Are these for nymphs? If you plan on using fruit flies then the top enclosure won't work. You don't really need anything like leaves in there since they could interfere with molting and the mantids will stay on the lid most of the time. The smaller containers look short and height is important but I don't know what size mantids you're getting. Put a folded piece of paper towel or other substrate in the bottom of the smaller containers and mist it every few days. If you live where these mantids come from then just try to get the temps close to what it is naturally. I doubt you need any heat unless your place is cold. Most do fine at room temps. Try using fruit to attract fruit flies.


----------



## MantisFreak (Oct 1, 2009)

What instar are your Odontomantis nymphs? Might be a bit big for early instars as they might have trouble finding food.. As Rick said you will need a substrate to keep humidity up, I prefer paper towels as it absorbs water better. Also take care as they are really tiny as nymphs and drown easily if the water droplets are to big!

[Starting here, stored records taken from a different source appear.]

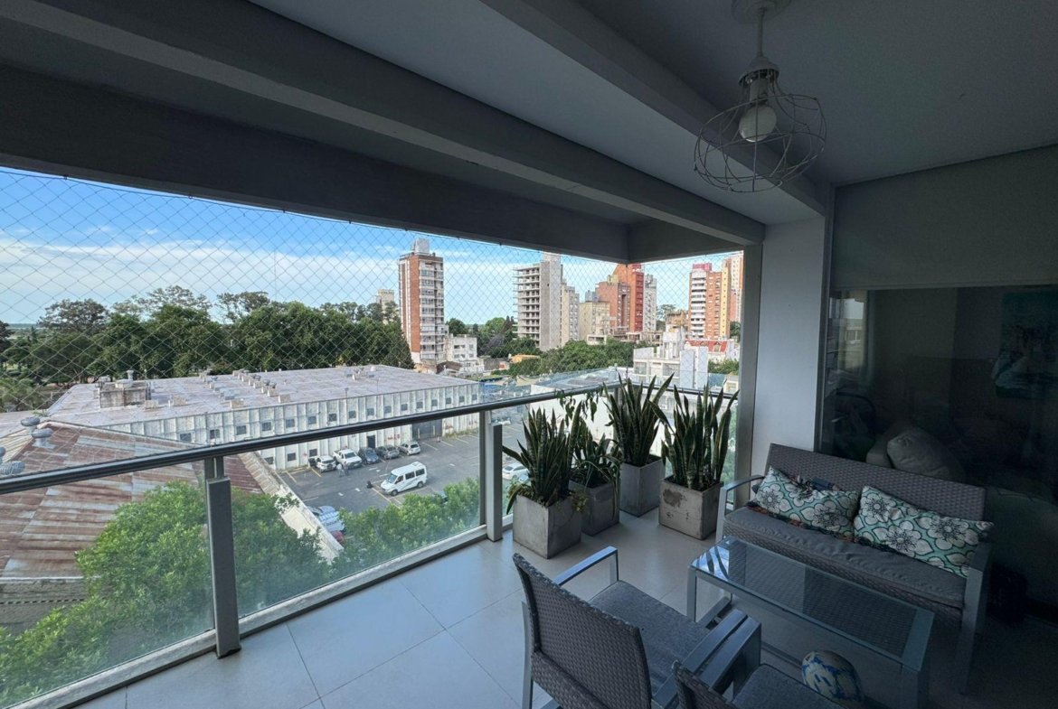 Departamento de dos dormitorios al frente con balcón amplio, vista parcialmente amplia hacia el rio, al ingresar al departamento contamos con cocina separada y un amplio living comedor, un baño, luego al pasillo donde divide los dormitorios, ambos con placares con puertas corredizas y el principal con baño en suite y balcón al contra frente, cuenta con persiana. En la terraza podemos observar una increíble vista, solarium y pileta, el edificio cuenta con dos ascensores y cocheras.
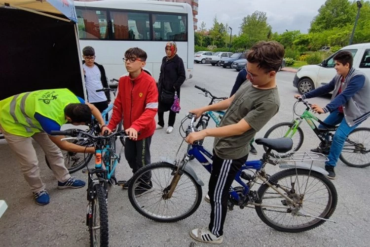 Bisiklet tamir ve bakım çadırlarında fren ayarı, fren teli, pedal, lastik tamiratları, zincir ve pedalların yağlanması gibi hizmetler ücretsiz sunuluyor.
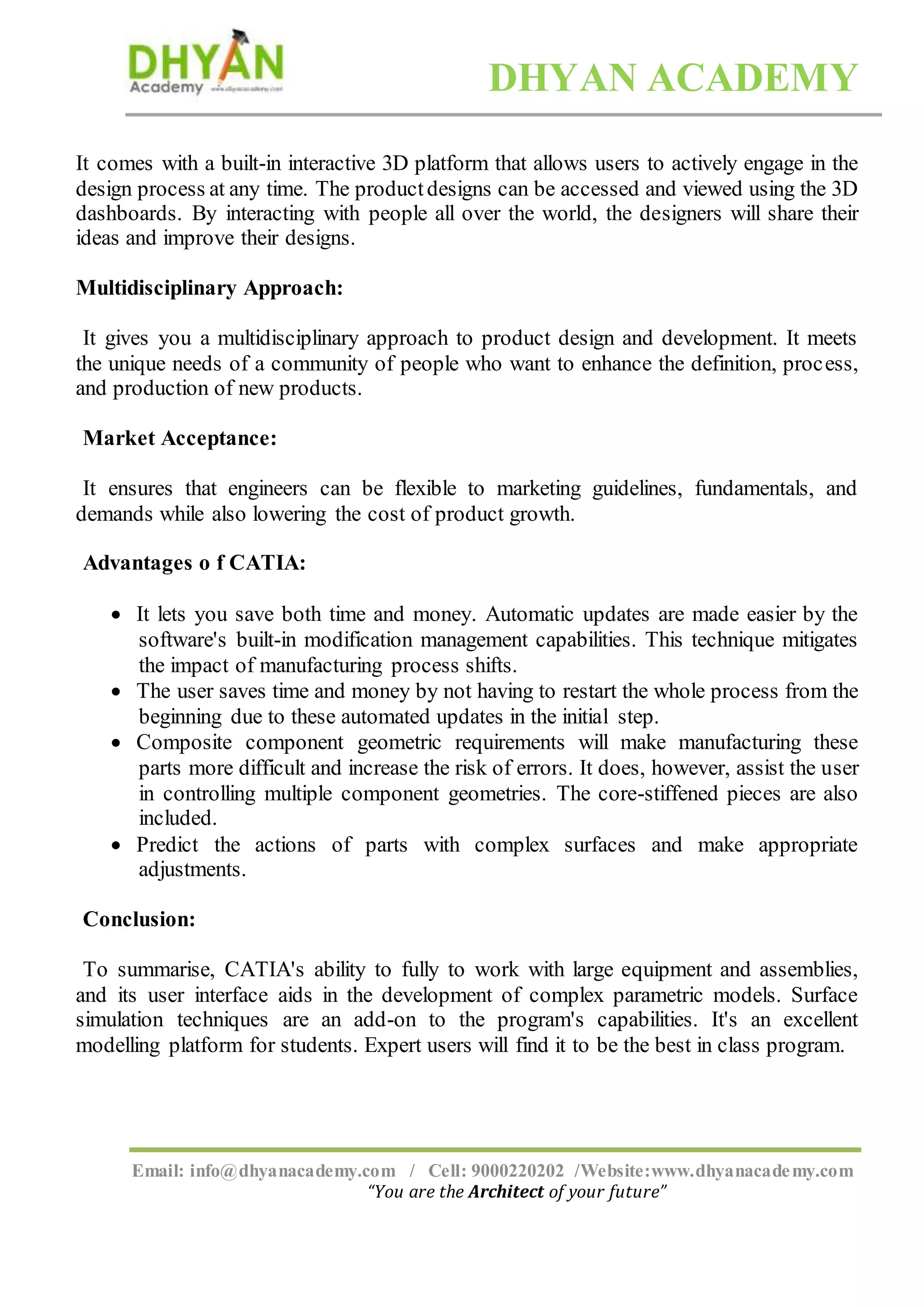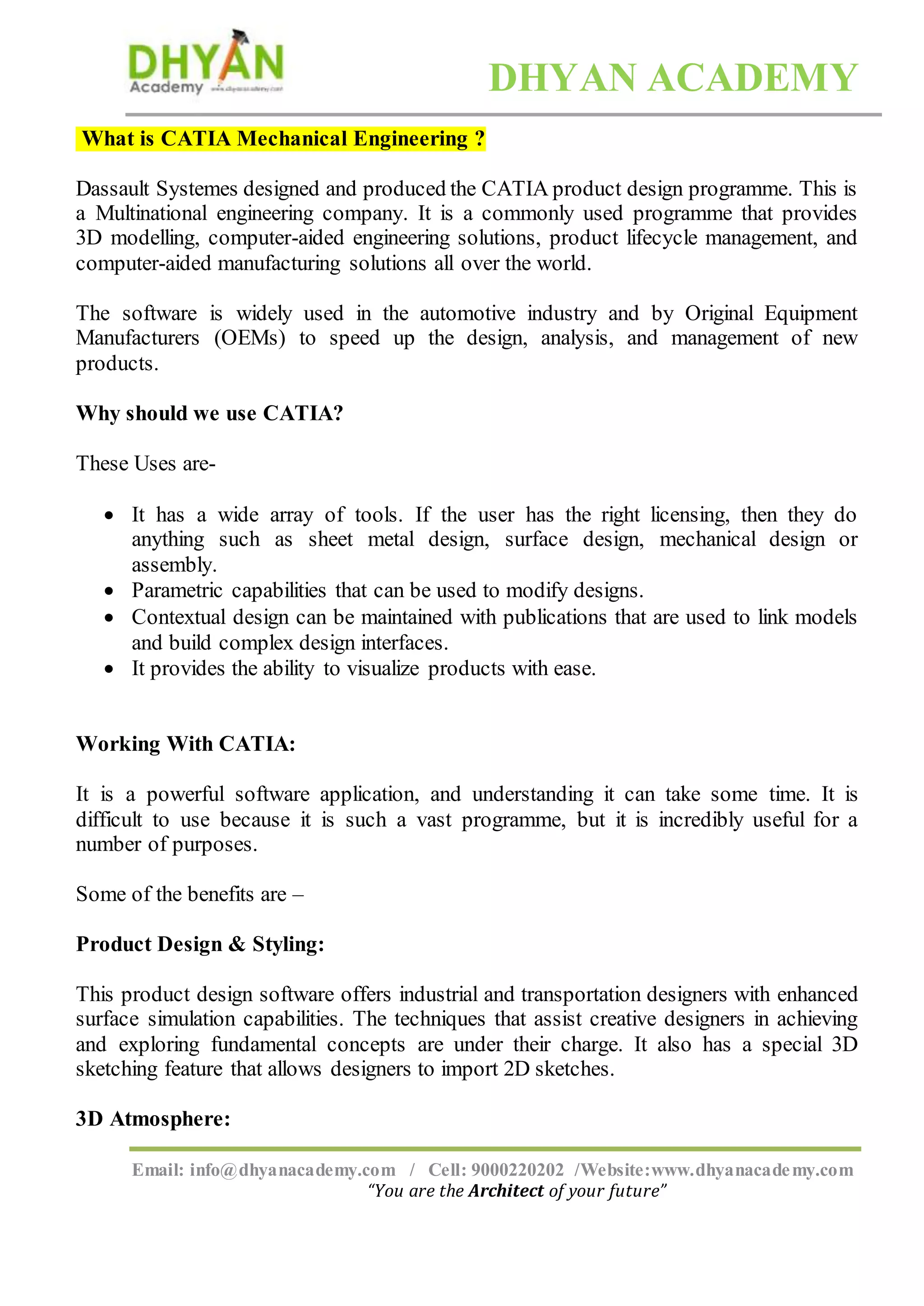 CATIA is a 3D modeling software used by engineers and designers for product design. It allows users to design in 3D, perform engineering analysis, manage product data over the life of a product, and optimize manufacturing processes. Some key benefits of CATIA include its wide array of tools for mechanical design, surface design, and assembly. It also offers parametric modeling capabilities and contextual design features. CATIA provides an interactive 3D environment for visualizing designs and sharing ideas with others. It takes an integrated, multidisciplinary approach to product design and development.

I use nymph excelsior, all my early instars love the stuff and it's really great! Good luck


----------



## gadunka888 (Oct 2, 2009)

> What instar are your Odontomantis nymphs? Might be a bit big for early instars as they might have trouble finding food.. As Rick said you will need a substrate to keep humidity up, I prefer paper towels as it absorbs water better. Also take care as they are really tiny as nymphs and drown easily if the water droplets are to big!I use nymph excelsior, all my early instars love the stuff and it's really great! Good luck


im getting L3 nymphs. Thanks for the advice!


----------



## MantisFreak (Oct 2, 2009)

tropid0_mAntis said:


> im getting L3 nymphs. Thanks for the advice!


Oo cool, they should be fine then


----------



## mantidian (Oct 3, 2009)

Hey, You could glue some kitchen towel/cloth or mesh to the top  

And those big containers mean lots of fruitflies!!! You could get some smaller ones from SKP


----------



## gadunka888 (Oct 4, 2009)

mantidian said:


> Hey, You could glue some kitchen towel/cloth or mesh to the top  And those big containers mean lots of fruitflies!!! You could get some smaller ones from SKP


where is SKP? anyway, how big r the odontomantis nymphs?


----------



## mantidian (Oct 4, 2009)

When they get to you they will be approx 1.5 cm


----------



## sufistic (Nov 12, 2009)

So I'm back after a long disappearance lol. tropid0_mAntis I can help make some enclosures for you from the SKP plastic products mantidian mentioned. How big are your mantids now?


----------